• Wanneer is het Pasen?
  • Eieren: een tijdloos ontwerp


    BEELDENSTORM OP PAASEILAND

    Op paaszondag 1722 ontdekten Jacob Roggeveen en zijn bemanning in de Stille Zuidzee een kaal en rotsachtig eiland. Roggeveen noemde het Paaseiland. Alleen de honderden reusachtige stenen beelden herinneren eraan dat op het eiland ooit een beschaving heeft gebloeid. Wie of wat bracht die cultuur de doodsteek toe?

    Moai-beeld op de helling van de Rano Raraku-vulkaan.
    De lucht van bloedige strijd en vernietiging waait als het ware nog om het eiland. Want hoewel sommige moai weer overeind staan, liggen de meeste nog voorover getuimeld van hun platforms. Heel even voel ik mij een oorlogsverslaggever, die zich spoedt over een slagveld. Voor me ligt een moai met een verbrijzelde kop. Zijn holle oogkassen blikken doelloos in de lucht. Als ik mijn paard de sporen geef, en aankom bij de Rano Raraku-vulkaan, wordt de aanblik nog droefgeestiger. Bij bosjes staan of liggen de moai hier door elkaar. Enkele staren weer met holle ogen naar de zee; andere liggen half begraven in de grond.

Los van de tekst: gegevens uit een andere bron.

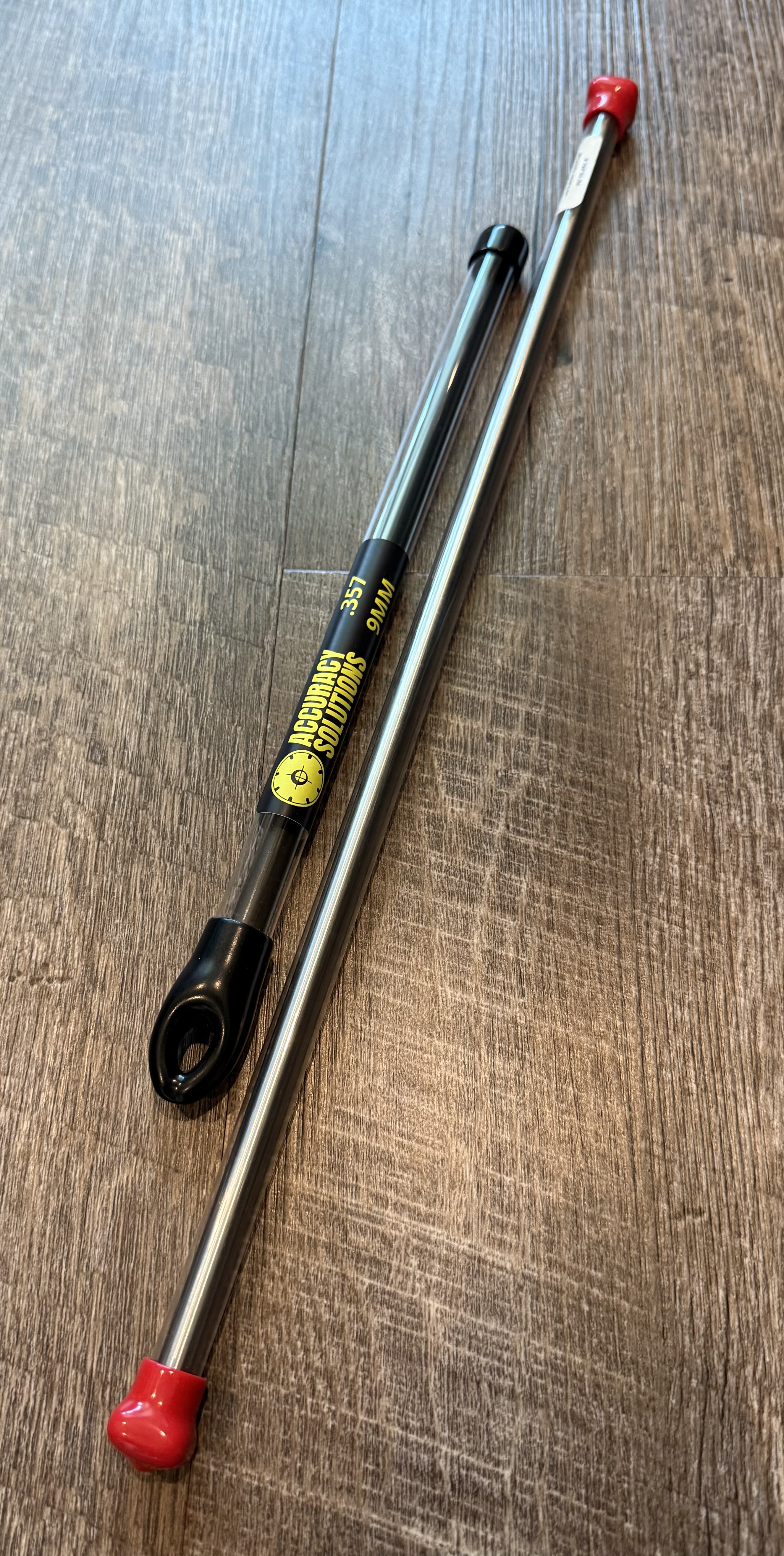 Geissele 9mm Stainless suppressor alignment rod and an Accuracy Solutions carbon fiber 9mm alignment rod.
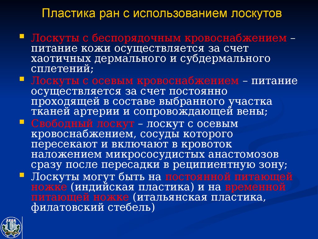 Пластика ран с использованием лоскутовЛоскуты с беспорядочным кровоснабжением –
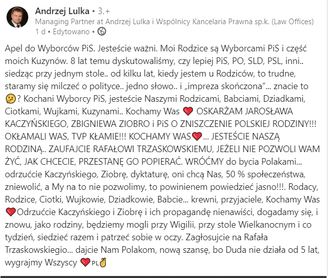 Natomiast leżąc już w łóżku, udostępniła jeszcze kilka rzeczy ponownie na LI, a mianowicie m.in. o wyborach, które wydało jej się szalenie mądre:

    "De door elkaar gegooide moai, ofwel stenen standbeelden op Paaseiland, spreken voor zich," zegt Sergio M. Vega Santa Maria, een gids die me de volgende dag nog eens langs de voornaamste bezienswaardigheden rondleidt. "Onze overleveringen vertellen dat zich een enorm bloedbad moet hebben voorgedaan. Rond 1680 brak er strijd uit tussen twee bevolkingsgroepen op het eiland. De ene, de zogenaamde 'kort-oren', kwam in opstand tegen de overheersende klasse van 'lang-oren'. Die lang-oren - zo genoemd naar hun door gewichten uitgerekte oorlellen - waren de eigenlijke standbeeldenmakers. De nog half uitgehakte beelden op de hellingen van de Rano Raraku-vulkaan lijken ervan te getuigen dat zij inderdaad in allerijl hun steengroeven verlieten.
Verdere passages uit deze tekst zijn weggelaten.